Ascorbic acid is a water-soluble vitamin with antioxidant properties. Inside your body, the nutrient preserves cell integrity by neutralizing free radicals, which are toxic molecules that can damage healthy cells and cause disease.

Preserving Properties

Ascorbic acid neutralizes oxygen when it comes into contact with it. Oxygen allows foods to continue to ripen, an aging process similar to the one people go through that ends in death. Oxygen is also vital for many microorganisms to thrive, some of which cause decay. Ascorbic acid slows or neutralizes these events. The substance blocks cured meat’s propensity to form carcinogens called nitrosamines, for example. In the process, the vitamin also preserves the flesh’s red color. In addition, ascorbic acid preserves flavor.

Food-Preservation Mechanism

Canned vegetables, bottled juices, jams and other preserved fruit are processed foods manufacturers protect with ascorbic acid. The vitamin’s acidity makes it hard for the enzyme phenolase to act. Phenolase accelerates oxidation, a chemical process in which oxygen level rises, resulting in decay.
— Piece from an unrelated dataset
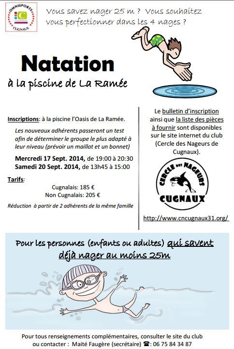 Les cours de natation du club sont ouverts aux personnes (enfants, adultes) sachant déjà nager au moins 25m sans matériel (bouée, brassards...).
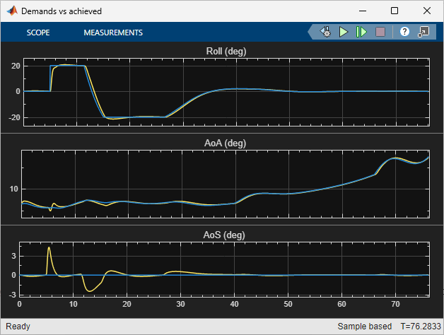 Once you push the gains to Simulink, tuning of the MIMO architecture is complete and you can simulate its behavior during the landing approach.

This is also the process that ascorbic acid combats.

Ascorbic Acid’s Safety

The use of ascorbic acid as a preservative is not linked to any side effects.The consumer advocacy agency Center for Science in the Public Interest also lists the vitamin as an additive that appears to be safe. Likewise, the Food and Drug Administration gives ascorbic acid a “GRAS” designation, an acronym that means the agency classifies it as a substance “generally recognized as safe.”